Еще большую известность имел прадед Михаил Борисович – боярин и воевода. В царствование Бориса Годунова Михаил Борисович Шеин был пожалован чином чашника. В 1602–1603 годах участвовал в подавлении голодных бунтов крестьян и холопов. В 1605 году возведен в чин окольничего.

При царе Василии Ивановиче Шуйском в 1607 году Михаил Борисович «пожалован» боярином. Активно участвовал в военных действиях против войска Ивана Исаевича Болотникова. С конца 1607 года в должности воеводы находился в Смоленске. Во время польско-литовской агрессии возглавлял оборону Смоленска в 1609–1611 годах всего лишь с четырехтысячным гарнизоном.

3 июня 1611 года, будучи раненым и одним из немногих уцелевших защитников Смоленска, попал к полякам в плен. Его пытали, хотели казнить, но польский король, узнав о его героических действиях, проникся рыцарским благородством и помиловал. Однако возвратиться в Россию не разрешил, а вместе с семьей приказал отправить в Польшу в качестве пленника.

Находясь в плену, Михаил Борисович коротко сошелся с будущим патриархом Филаретом, отцом царя Михаила Федоровича. Вместе с ним и другими видными русскими боярами был возвращен в Россию в 1619 году при обмене пленными.

В 1620–1621, а также в 1625–1628 годах возглавлял один из сыскных приказов. С 1628 по 1632 год руководил Пушкарским приказом. Кроме того, в период с 1620 по 1632 год, пользуясь расположением патриарха Филарета и царя Михаила Федоровича, принимал участие в многочисленных дипломатических переговорах.

Во время русско-польской войны за Смоленск, в апреле 1632 года, был назначен командующим русской армией. После неудачной попытки взять у поляков Смоленск, попал в окружение. Среди воинских начальников возникли ссоры и раздоры. Войско страдало от холода, голода и болезней. Чтобы сохранить остатки войска, вступил в переговоры. Они закончились 15 февраля 1634 года капитуляцией и оставлением противнику 123 орудий, но сохранением воинской силы.

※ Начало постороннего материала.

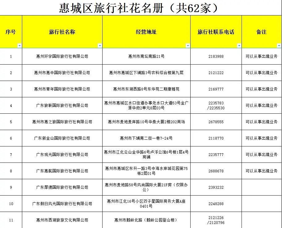后期旅行社名單更新可登錄“惠州市惠城區(qū)文化廣電旅游體育局政府信息公開平臺”進行查詢,也可以關(guān)注“惠城文旅體”微信公眾號信息。

По возвращении в Москву Михаил Борисович Шеин Боярской думой был обвинен в измене, и по ее же приговору казнен 28 апреля. Царь вступиться за Михаила Шеина не пожелал. Как говорится, умыл руки. А покровителя – патриарха Филарета – уже не было. Умер годом ранее.

После Михаила Борисовича остался сын Иван, который хоть и бывал при царском дворе, но предпочитал держаться в тени, опасаясь участи казненного родителя. И только по истечении многих лет стал появляться при дворе.

Вот таковы были предки курского воеводы Алексея Семеновича.

Сам Алексей Семенович Шеин родился в 1662 году в семье царского стольника Семена Ивановича Шеина. В юном возрасте принимал участие в различных придворных церемониях. А в 1671 году присутствовал на свадьбе царя Алексея Михайловича и Натальи Кирилловны Нарышкиной – матери Петра Алексеевича. Когда в 1676 году преставился Алексей Михайлович, он участвовал в церемонии погребения.

При новом, молодом царе Федоре Алексеевиче, продолжившим линию своего родителя на укрепление государства и государственной власти, Алексей Семенович Шеин становится более заметной фигурой при дворе. Однако благоразумие его не покидает, и он не стремится быть впереди Долгоруковых, Голицыных, Милославских, Хованских, Нарышкиных, составлявших ближайшее окружение царя. И в период с 1680 по 1682 год находится в качестве воеводы в Тобольске.

Некоторые злые языки сочли это и за ссылку. Но сам Алексей Семенович, которому не исполнилось и двадцати лет, так не считал. Удаление от двора – это не всегда ссылка, это еще и возможность распорядиться собственной властью на огромной территории без царского надзора и пригляда. Находясь в Тобольске, Алексей Семенович Шеин зарекомендовал себя добросовестным служакой. И вновь призывается ко двору, остро нуждающемуся в молодых, не отравленных мздоимством, вельможах.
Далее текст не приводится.